A poesia vaza também pelos cantos das páginas dos livros de sua biblioteca. Waly os enchia de anotações. Partindo desse material, Anna Dantes, Marta Porto e Omar Salomão montarão na Central do Brasil a exposição “Biblioteca de grifos de Waly Salomão” — ainda sem data, mas prevista até março de 2014.

— O projeto nasceu quando estávamos fazendo “Impreciso” (livro de Omar editado pela Dantes), e o Omar trouxe um título da biblioteca de Waly para conferirmos uma epígrafe.
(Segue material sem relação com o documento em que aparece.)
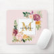 Monogram Elegant Watercolor Rose Floral Botanical Mouse Pad
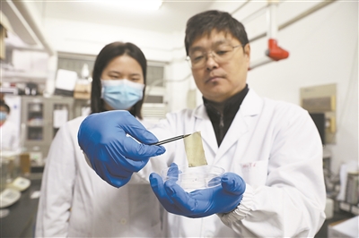 研究人员向记者展示多功能仿生柔性膜。开运体育平台官方网站宣传部供图
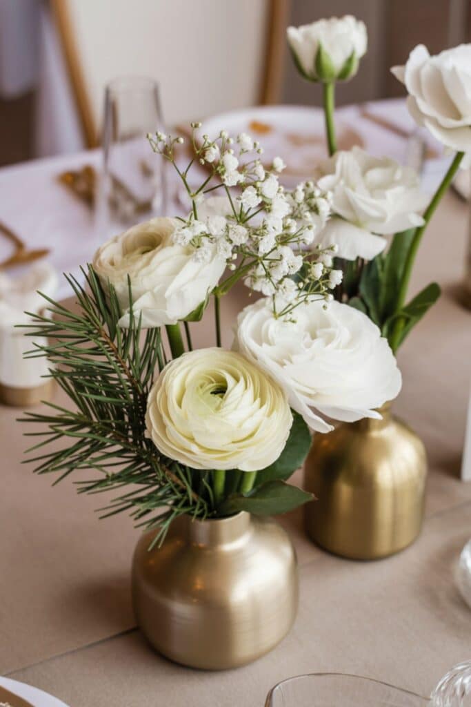 White florals (ranunculus, roses, baby’s breath) with evergreen sprigs in gold bud vases.

Havia um poema sobre inédito rabiscado ali — lembra Anna. “Tivemos a ideia de fotografar páginas e montar o catálogo e a exposição. Conversando com Marcelo Yuka sobre o projeto, ele sugeriu o nome. A Funarte se interessou, e vamos montar. A biblioteca espelha uma alma, e a dele tem essa característica. Waly sempre falou que a leitura foi uma etapa do trabalho dele. Quando estava lendo, dizia: “Estou trabalhando”. Sua memória está ali.”


No fim do mês, Anna lança também, com a galeria A Gentil Carioca, o selo Lábiagentil, em homenagem a Waly. Ele publicará livros que unem poesia e artes visuais — os primeiros terão Pedro Rocha com Cabelo e Pedro Lago com Luis Andrade.

Outra exposição, mais ampla, estará na segunda edição da Flupp, que terá o autor como homenageado. Com apoio do Itaú Cultural, será montada uma mostra interativa em Vigário Geral, sede da festa literária este ano.

A ideia é dar um panorama de sua vida usando diversos locais da favela (sobretudo o Centro Cultural Waly Salomão, do AfroReggae), com cada seção baseada em um livro seu, como “Armarinho de miudezas”, “Babilaques”, “O mel do melhor”...

— Vamos usar essa personalidade única e múltipla de Waly — adianta Marcello Dantas, que assina a curadoria com Carlos Nader. “Teremos material filmado por Nader (diretor do documentário “Pan-cinema permanente”, sobre Waly, de 1997), cenas inéditas. E muita interatividade, como tambores que, tocados, soltam a voz de Waly. Ou seja, o visitante poderá compor com ele. O grande evento será a projeção de uma performance de Waly sobre uma nuvem de fumaça na praça de Vigário Geral.”

Em fevereiro, a mostra vai, ampliada, para o Itaú Cultural, em São Paulo. Lá, haverá também uma série de espetáculos com atores e poetas declamando textos do artista e uma mostra com filmes em que ele atuou ou prestou depoimento.

— A exposição parte de uma conversa com a família para organizar e digitalizar o acervo, como fizemos com os arquivos de Niemeyer e Oiticica — diz Eduardo Saron, diretor do Itaú Cultural.

No acervo, as entrevistas de Waly interessam a outro projeto. As argentinas Bárbara Belloc e Teresa Arijón pesquisam o material para um futuro livro da coleção “Nomadismos” (Ediciones Manantial), de pensamento brasileiro de vanguarda.

Omar anuncia ainda a reedição dos livros do pai — os primeiros até o fim do ano.

Tudo para tornar mais fácil — ou difícil — a resposta à pergunta de Waly ao chofer: “Sabe quem eu sou?”.